*Entries taken from a collection*.
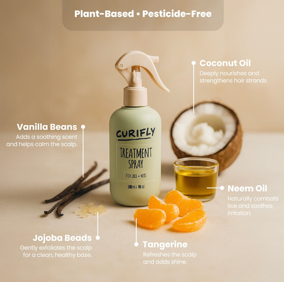 Clean out pesky lice + nits, and end with luscious locks. Our Treatment Spray is the perfect solution to restore your hair’s natural shine and health. Infused with nourishing ingredients like argan oil and keratin, this spray deeply hydrates and repairs damaged hair. Say goodbye to frizz, split ends, and dryness and hello to soft, silky locks
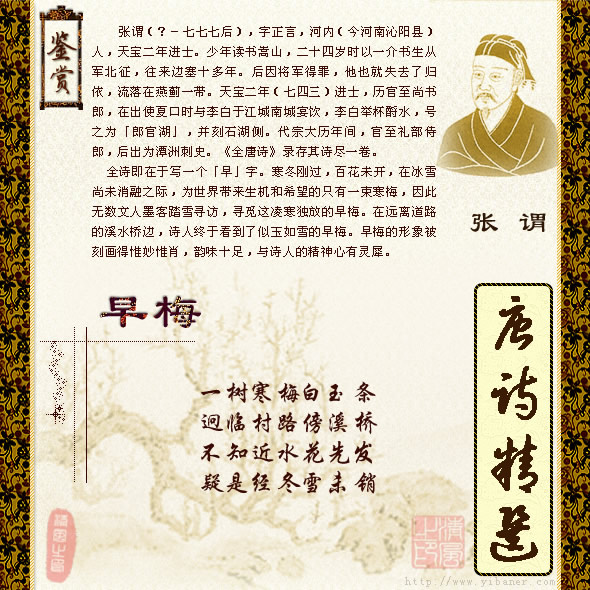 张谓 一树寒梅白玉条,迥临村路傍溪桥。 不知近水花先发,疑是经冬雪未销。 ![]() 注释 ⑴迥:远。 ⑵傍:靠近。 ⑶发:开放。 ⑷销:通“消”,融化。 译文 有一树梅花凌寒早开,枝条洁白如玉。 它远离人来车往的村路,临近溪水桥边。 人们不知寒梅靠近溪水提早开放, 以为那是经冬而未消融的白雪。 赏析 自古诗人以梅花入诗者不乏佳篇,有人咏梅的风姿,有人颂梅的神韵;这首咏梅诗,则侧重写一个“早”字。 首句既形容了寒梅的洁白如玉,又照应了“寒”字。写出了早梅凌寒独开的丰姿。第二句写这一树梅花远离人来车往的村路,临近溪水桥边。一个“迥”字,一个“傍”字,写出了“一树寒梅”独开的环境。这一句承上启下,是全诗发展必要的过渡,“溪桥”二字引出下句。第三句,说一树寒梅早发的原因是由于“近水”;第四句回应首句,是诗人把寒梅疑做是经冬而未消的白雪。一个“不知”加上一个“疑是”,写出诗人远望似雪非雪的迷离恍惚之境。最后定睛望去,才发现原来这是一树近水先发的寒梅,诗人的疑惑排除了,早梅之“早”也点出了。 梅与雪常常在诗人笔下结成不解之缘,如许浑《早梅》诗云:“素艳雪凝树”,这是形容梅花似雪,而张谓的诗句则是疑梅为雪,着意点是不同的。对寒梅花发,形色的似玉如雪,不少诗人也都产生过类似的疑真的错觉。宋代王安石有诗云:“遥知不是雪,为有暗香来”,也是先疑为雪,只因暗香袭来,才知是梅而非雪,和此篇意境可谓异曲同工。而张谓此诗,从似玉非雪、近水先发的梅花着笔,写出了早梅的形神,同时也写出了诗人探索寻觅的认识过程。并且透过表面,写出了诗人与寒梅在精神上的契合。读者透过转折交错、首尾照应的笔法,自可领略到诗中悠然的韵味和不尽的意蕴。
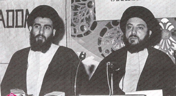 مرحوم شهید حکیم و آیتالله هاشمی شاهرودی در کنفرانس "جنایات صدام" در دهه شصت
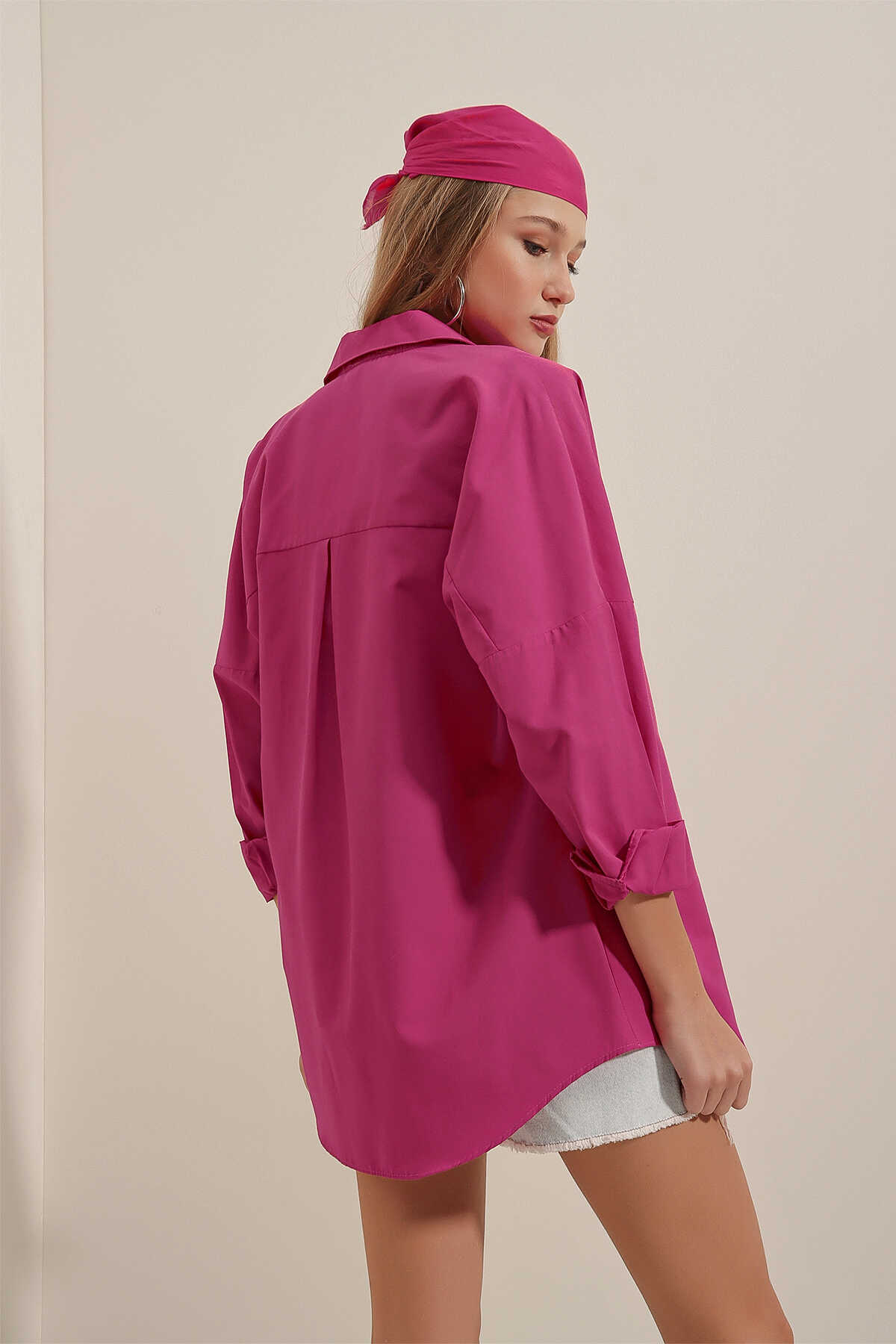 3900 Oversize Uzun Basic Gömlek - Koyu Pembe
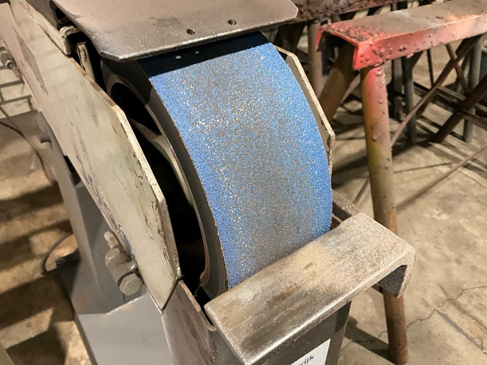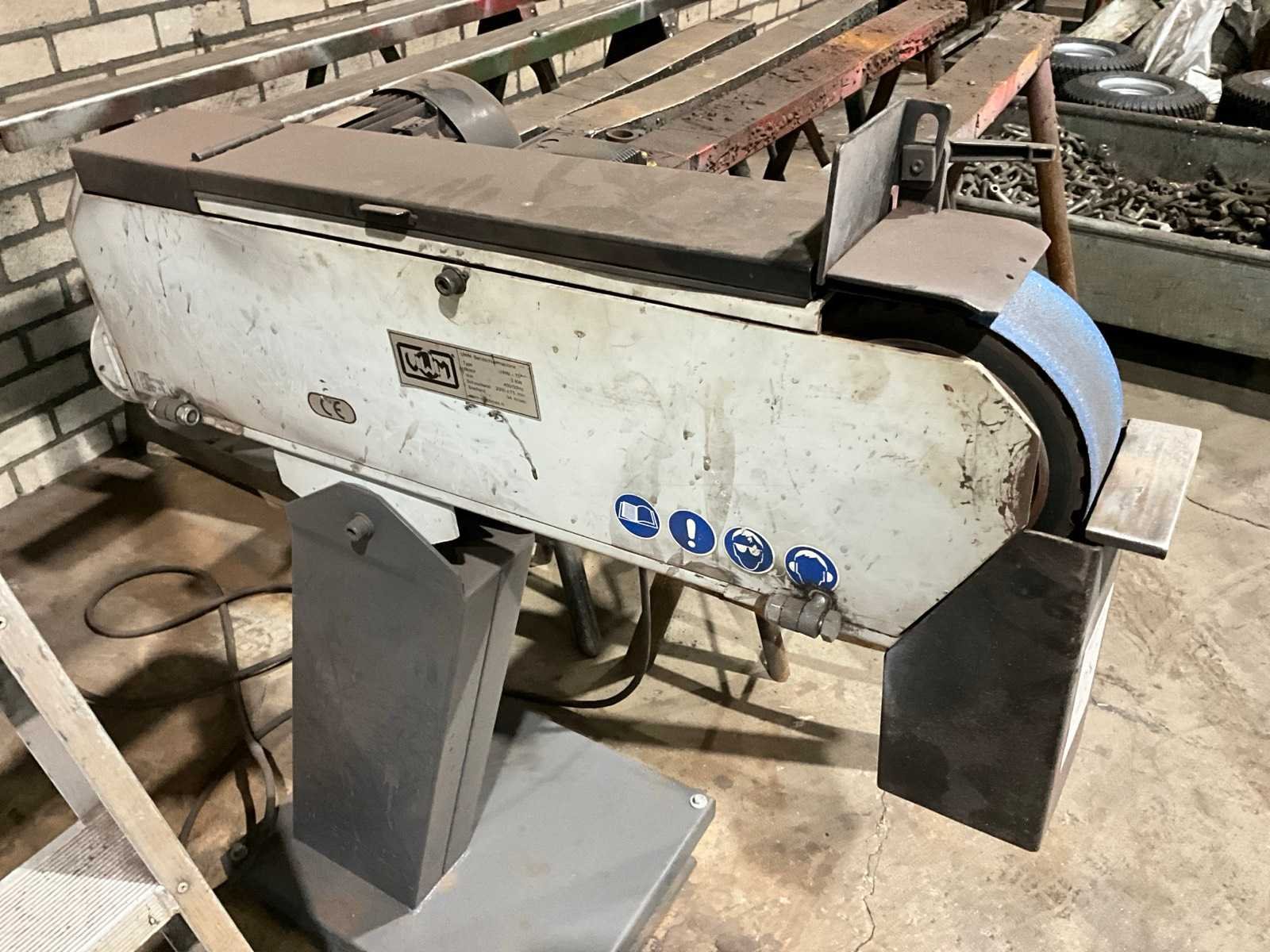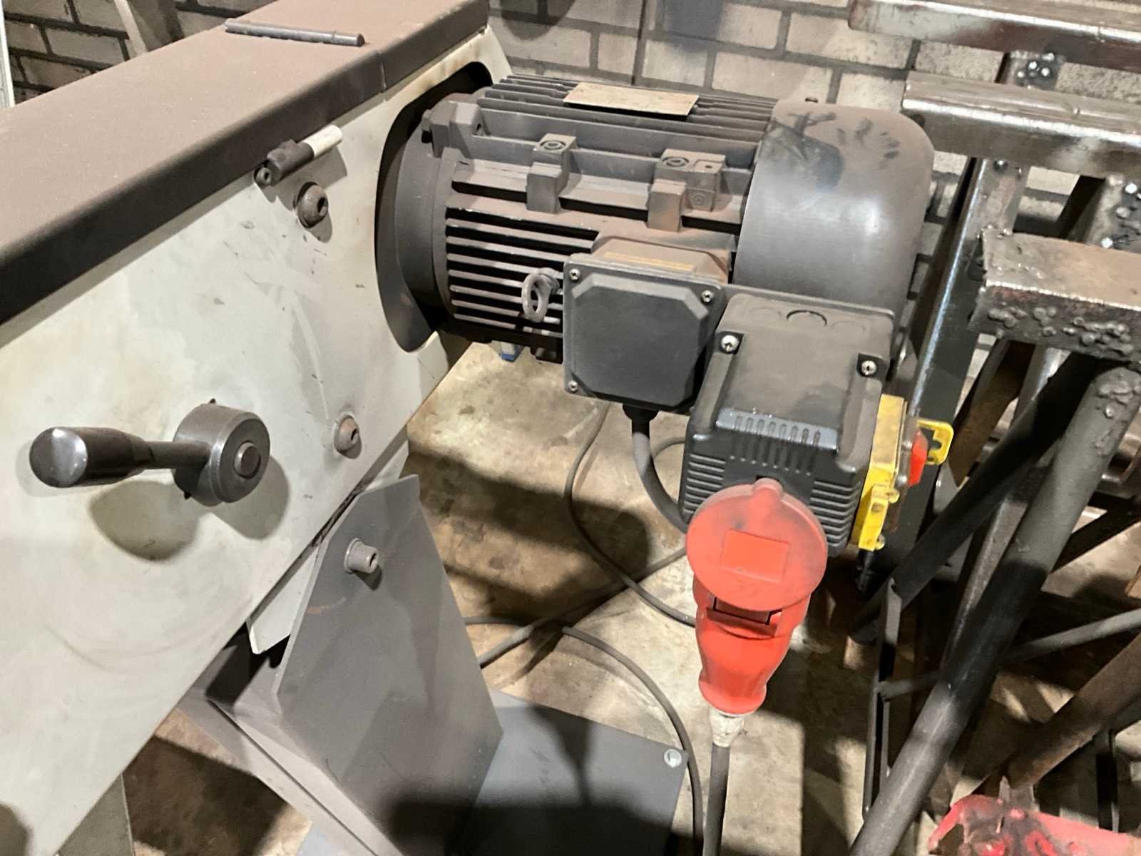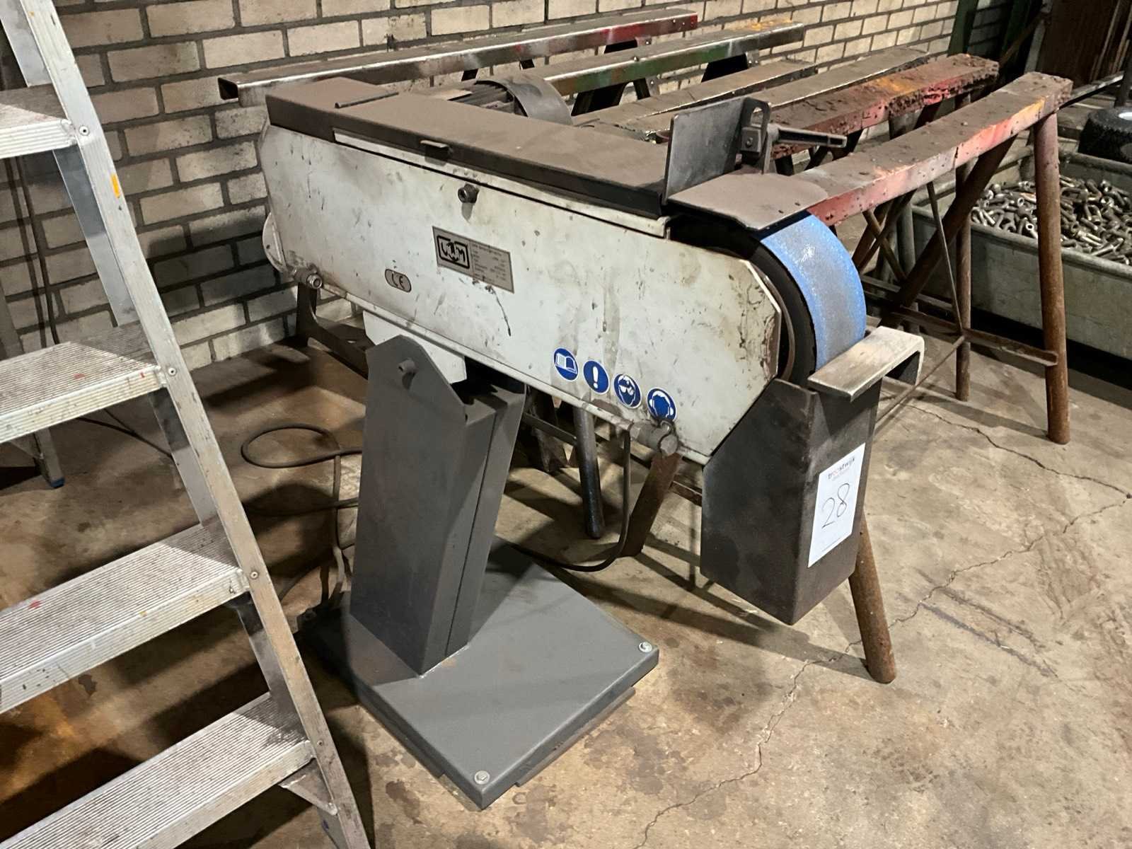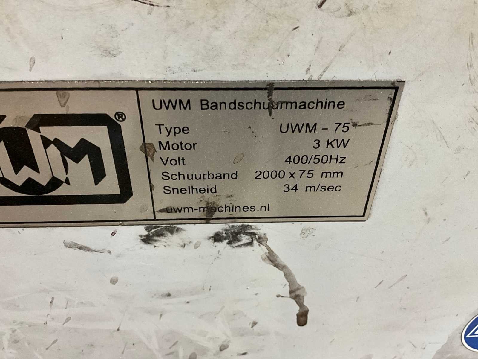 Voorzien van 2000x75 schuurband, hoogte verstelling, 34 m/sec schuursnelheid Merk: UWM Type: 75 Slijpsteen dikte: 75mm Motorvermogen (kW): 3kW Aansluiting: 400V Afmeting l: 1050mm Afmeting b: 500mm Afmeting h: 1100mm

*PROMPT*.
Restate the data exactly, though only from the line that contains "مرحوم شهید حکیم" through its last line, both ends included and with the pictures left out.

*WRITTEN REPLY*.
 مرحوم شهید حکیم و آیتالله هاشمی شاهرودی در کنفرانس "جنایات صدام" در دهه شصت
 3900 Oversize Uzun Basic Gömlek - Koyu Pembe
 Voorzien van 2000x75 schuurband, hoogte verstelling, 34 m/sec schuursnelheid Merk: UWM Type: 75 Slijpsteen dikte: 75mm Motorvermogen (kW): 3kW Aansluiting: 400V Afmeting l: 1050mm Afmeting b: 500mm Afmeting h: 1100mm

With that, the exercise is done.